▶ **EXERCISE OBJECTIVE**: Go through the records and restate them word for word, omitting images.

Stored entries
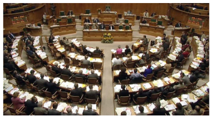 La chambre du peuple avec 200 sièges (conseil national): La chambre des cantons (conseil des états) avec 46 sièges, deux par canton sauf das le cas des demi-cantons: On élit les conseillers fédéraux dans le conseil national où ils doivent prêter serment à la CH: Ils travaillent dans un collège de 7 et se réunissent, ils sont l’exécutif:
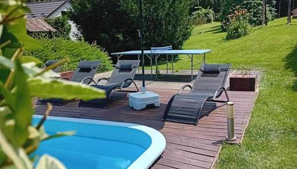 In der Nähe des Ferienhauses gibt es viele Möglichkeiten für Outdoor-Aktivitäten wie Radfahren. Die Umgebung bietet schöne Landschaften und Wege, die erkundet werden können. Nach einem aktiven Tag können Sie am saisonalen Außenpool entspannen oder auf der Terrasse des Ferienhauses die Ruhe und Stille der Umgebung genießen.
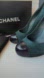 Elegant Chanel pumps in a stunning teal and black combination. Perfect for adding a touch of luxury to any outfit.
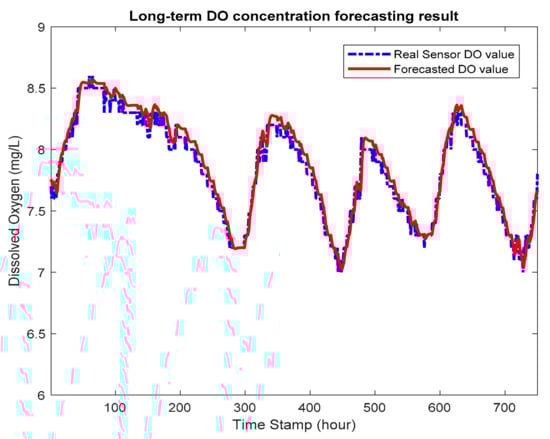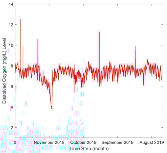 Water quality (WQ) is usually determined by the general composition of water in relation to its physical, biological, and chemical properties [1,2]. DO (dissolved oxygen) is one of the freshwater properties and undoubtedly one of the most important components for the survival of the aquatic life. DO concentration is an important WQ indicator of water pollution in the aquaculture ecosystem [3]. In the aquaculture farms, the required concentration of dissolved oxygen typically depends on the fish species and the water temperature. However, concentrations below 3 mg/L are related to stress in the aquatic species, increasing mortality and disease in most of the species. If this drop in DO concentration can be accurately forecasted, the aquaculture farmers can take early remediation actions to avert this catastrophe by increasing DO concentration, for example, through activating an aeration system [4,5].
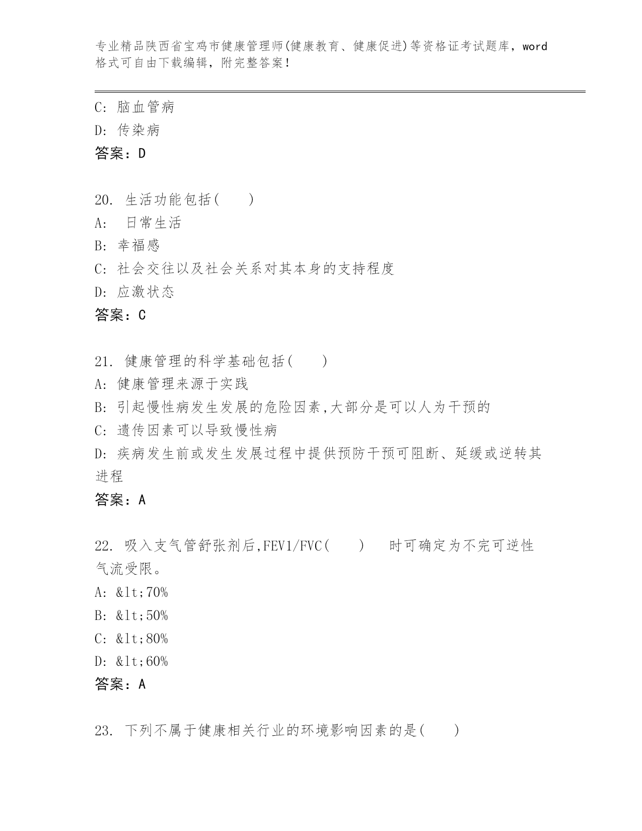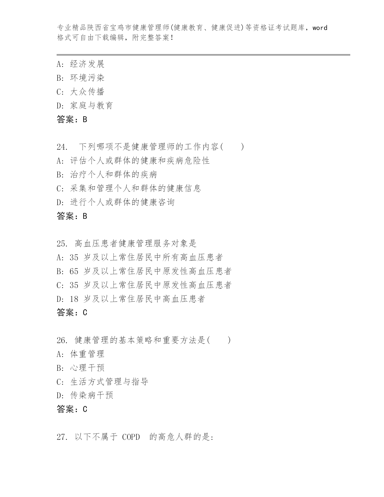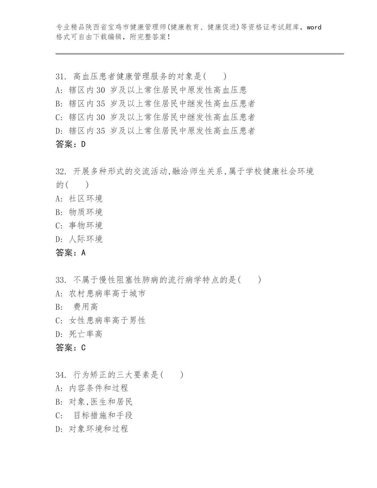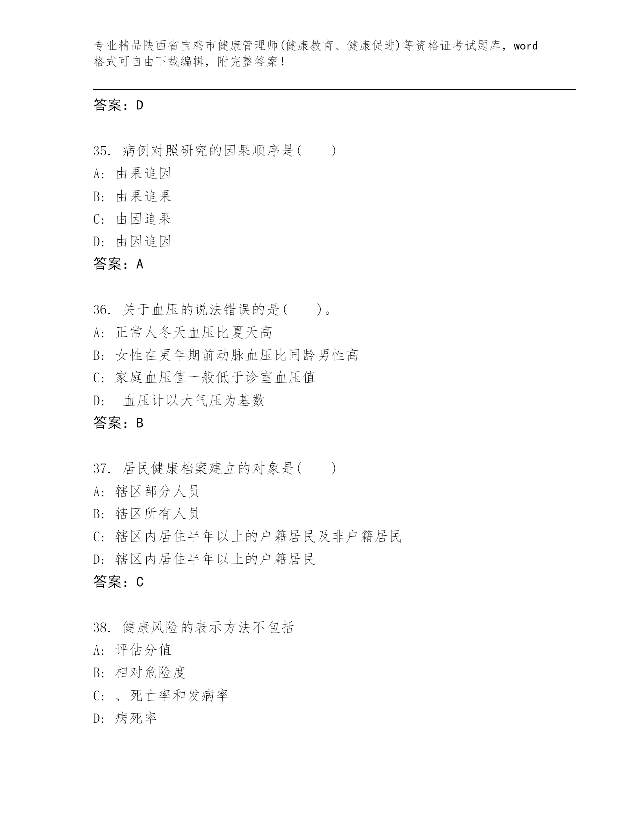 陕西省宝鸡市健康管理师(健康教育、健康促进)等资格证考试通用题库及答案(精选题).docx
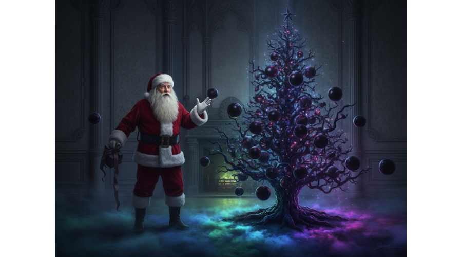 Dans le grand bureau du Père Noël, les boules de Noël flottaient dans les airs comme des étoiles apprivoisées. Certaines reposaient aussi sur les branches du grand sapin, mais la plupart étaient suspendues par magie autour de lui - comme les bougies de Poudlard - créant une constellation lumineuse et mouvante.
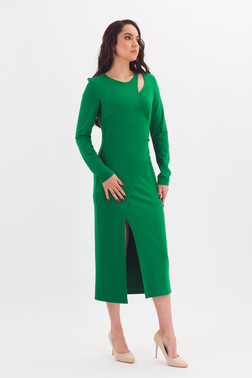 Описание: Трикотажное платье полуприлегающего силуэта с декоративным запахом и асимметричной горловиной. Разрез на юбке красиво приоткрывает ножку при ходьбе.
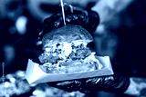 Street food burger on hand on hipster food market background. Grill and barbecue food
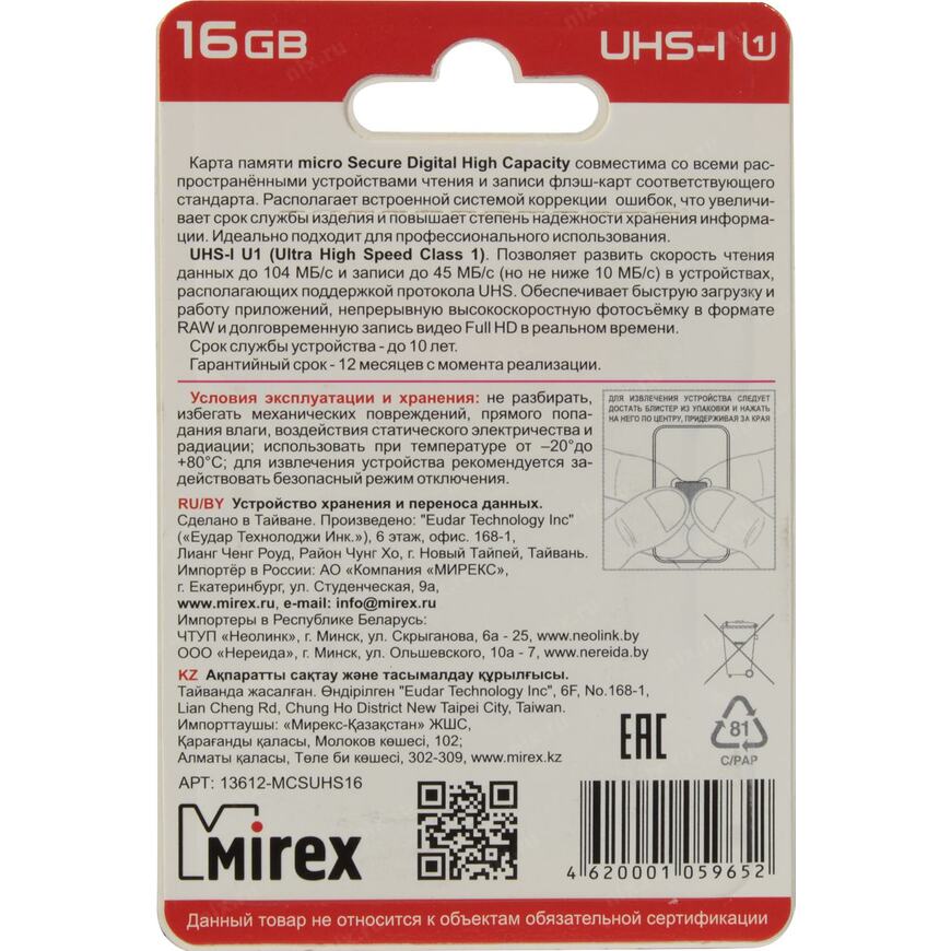 Карта памяти Mirex 13612-MCSUHS16 microSDHC UHS-I Class 1 (U1) 16 ГБ
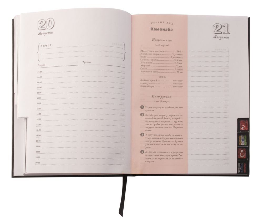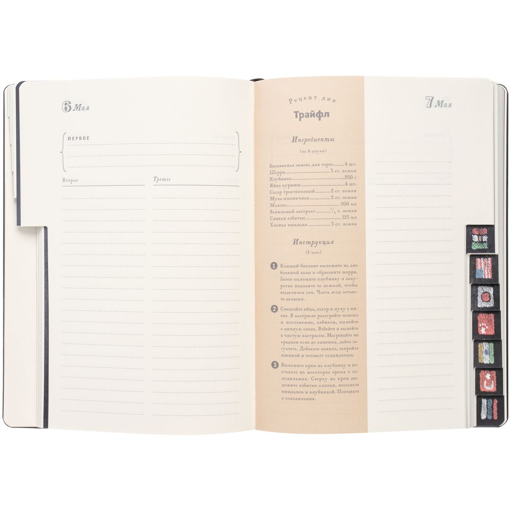В ежедневнике собраны рецепты из разных уголков земного шара — по 4 рецепта из 12 стран мира. Мы изучили кухню каждой страны и предлагаем вам рецепты самых традиционных национальных блюд с указанием географического места их происхождения. Каждый месяц вас ждет знакомство с новой страной, и каждый уикенд — с новым блюдом, которым вы сможете порадовать себя и своих близких.
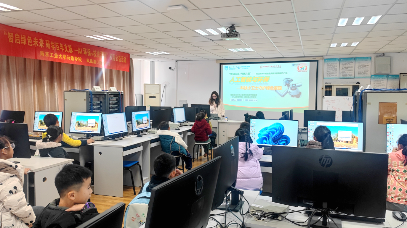 活动伊始,崇德楼A511实验室里,学院工会副主席景朋森介绍了活动背景及流程。随后,教师第六党支部姚旭婧以《疯狂动物城》生态危机为切入点,开展“人工智能与环保——守护绿色家园”公益讲座。她结合雾霾、水污染等现实问题,生动讲解AI在污染监测、垃圾处理、生态保护等领域的应用,从水质智能检测、垃圾分拣到野生动物识别,让小读者直观感受科技护绿力量,激发环保热情。
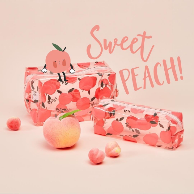 首先登場的是容量大的「化妝包」,外觀被滿滿的水蜜桃包圍,拉鍊上則有小小的PEACH LOGO,可愛又不失質感,拿來當外出用化妝包再適合不過了,有中和小兩個尺寸供妞妞們選擇!
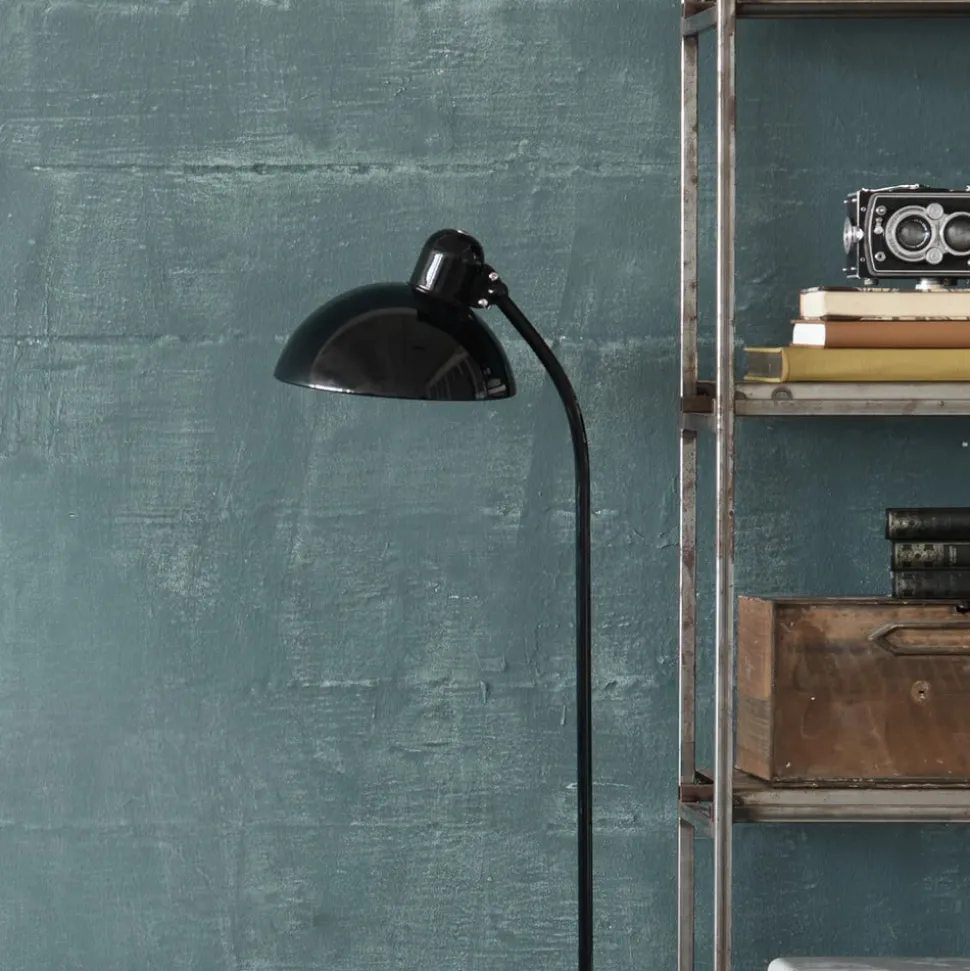 Kaiser idell™ designergulvlampe med blank overflade Denne gulvlampe, designet af Christian Dell, er en typisk repræsentant for den legendariske Bauhaus-stil og kombinerer de klassiske elementer i modernismen – kugle, cylinder og cirkel. Den blev lanceret i 1931, er udstyret med den patenterede drejelige skærm designet til denne lampeserie og passer ind i mange indretningsstile med sit æstetiske udseende. Christian Dell (1893-1974), en tysk sølvsmed og designer, der også arbejdede som håndværksmester i metalværkstedet på Bauhaus Weimar, designede lampeserien Kaiser idell™, sande kultobjekter i Bauhaus-design, en designstil, der nyder uafbrudt popularitet.

▶ **RESULT**:
 La chambre du peuple avec 200 sièges (conseil national): La chambre des cantons (conseil des états) avec 46 sièges, deux par canton sauf das le cas des demi-cantons: On élit les conseillers fédéraux dans le conseil national où ils doivent prêter serment à la CH: Ils travaillent dans un collège de 7 et se réunissent, ils sont l’exécutif:
 In der Nähe des Ferienhauses gibt es viele Möglichkeiten für Outdoor-Aktivitäten wie Radfahren. Die Umgebung bietet schöne Landschaften und Wege, die erkundet werden können. Nach einem aktiven Tag können Sie am saisonalen Außenpool entspannen oder auf der Terrasse des Ferienhauses die Ruhe und Stille der Umgebung genießen.
 Elegant Chanel pumps in a stunning teal and black combination. Perfect for adding a touch of luxury to any outfit.
 Water quality (WQ) is usually determined by the general composition of water in relation to its physical, biological, and chemical properties [1,2]. DO (dissolved oxygen) is one of the freshwater properties and undoubtedly one of the most important components for the survival of the aquatic life. DO concentration is an important WQ indicator of water pollution in the aquaculture ecosystem [3]. In the aquaculture farms, the required concentration of dissolved oxygen typically depends on the fish species and the water temperature. However, concentrations below 3 mg/L are related to stress in the aquatic species, increasing mortality and disease in most of the species. If this drop in DO concentration can be accurately forecasted, the aquaculture farmers can take early remediation actions to avert this catastrophe by increasing DO concentration, for example, through activating an aeration system [4,5].
 陕西省宝鸡市健康管理师(健康教育、健康促进)等资格证考试通用题库及答案(精选题).docx
 Dans le grand bureau du Père Noël, les boules de Noël flottaient dans les airs comme des étoiles apprivoisées. Certaines reposaient aussi sur les branches du grand sapin, mais la plupart étaient suspendues par magie autour de lui - comme les bougies de Poudlard - créant une constellation lumineuse et mouvante.
 Описание: Трикотажное платье полуприлегающего силуэта с декоративным запахом и асимметричной горловиной. Разрез на юбке красиво приоткрывает ножку при ходьбе.
 Street food burger on hand on hipster food market background. Grill and barbecue food
 Карта памяти Mirex 13612-MCSUHS16 microSDHC UHS-I Class 1 (U1) 16 ГБ
В ежедневнике собраны рецепты из разных уголков земного шара — по 4 рецепта из 12 стран мира. Мы изучили кухню каждой страны и предлагаем вам рецепты самых традиционных национальных блюд с указанием географического места их происхождения. Каждый месяц вас ждет знакомство с новой страной, и каждый уикенд — с новым блюдом, которым вы сможете порадовать себя и своих близких.
 活动伊始,崇德楼A511实验室里,学院工会副主席景朋森介绍了活动背景及流程。随后,教师第六党支部姚旭婧以《疯狂动物城》生态危机为切入点,开展“人工智能与环保——守护绿色家园”公益讲座。她结合雾霾、水污染等现实问题,生动讲解AI在污染监测、垃圾处理、生态保护等领域的应用,从水质智能检测、垃圾分拣到野生动物识别,让小读者直观感受科技护绿力量,激发环保热情。
 首先登場的是容量大的「化妝包」,外觀被滿滿的水蜜桃包圍,拉鍊上則有小小的PEACH LOGO,可愛又不失質感,拿來當外出用化妝包再適合不過了,有中和小兩個尺寸供妞妞們選擇!
 Kaiser idell™ designergulvlampe med blank overflade Denne gulvlampe, designet af Christian Dell, er en typisk repræsentant for den legendariske Bauhaus-stil og kombinerer de klassiske elementer i modernismen – kugle, cylinder og cirkel. Den blev lanceret i 1931, er udstyret med den patenterede drejelige skærm designet til denne lampeserie og passer ind i mange indretningsstile med sit æstetiske udseende. Christian Dell (1893-1974), en tysk sølvsmed og designer, der også arbejdede som håndværksmester i metalværkstedet på Bauhaus Weimar, designede lampeserien Kaiser idell™, sande kultobjekter i Bauhaus-design, en designstil, der nyder uafbrudt popularitet.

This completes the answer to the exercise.